We're told to be on the lookout for terrorists -- and it was an alert street vendor who noticed the bomber's car in Times Square -- but we must be alert as well to overreacting to our fears. The Clinton administration ordered the closing of Pennsylvania Avenue in front of the White House, making it a parking lot for the Secret Service, and the ignominy of such a surrender was passively accepted as the price of life in Washington. So are the ugly barriers around such national icons as the Jefferson Memorial and the Washington Monument.

The newest affront is the most symbolic. The Supreme Court itself ordered the front doors of that sunlit white marble monument to justice closed. Visitors now must use a side entrance, deprived of walking up the majestic 44 steps to the bronze doors under the promise, engraved in marble, of "Equal Justice Under the Law." The architectural metaphor for access to equal justice under the law is narrowed as a visitor enters on a lower level and mounts a dreary staircase, an exercise in political paranoia rather than pride in transparent justice.

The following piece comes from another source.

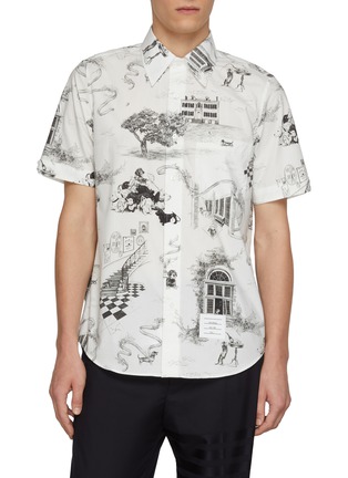 Marking Hector’s tenth year as a Thom Browne icon, this shirt unfolds like a personal memoir in print form. The intricate scenes wrap front to back, pairing storytelling charm with tailored polish for layered looks, from gallery days to refined evenings.

A decade ago, the Council on American Islamic Relations (CAIR), a shrill advocacy group, demanded that an image of Muhammad be erased from a marble frieze on the facade of the building, where it honored the prophet as one of the 18 lawgivers in the court's pantheon of justice. CAIR objected because the prophet was depicted with a sword. The court refused then, but surrenders to fear this time. Only two of the nine justices dissented from the court's scurrying to security behind new, bigger and uglier barriers.

Justices Stephen Breyer and Ruth Bader Ginsburg understand the significance of the closure. Taking note that no other court in the world has succumbed to fear, even when facing "security concerns equal to or greater than ours," they wrote that "the significance of the Court's front entrance extends beyond its design and function. To many members of the public, this Court's main entrance and front steps are not only a means to, but also a metaphor for, access to the Court itself."

I couldn't have said it better myself.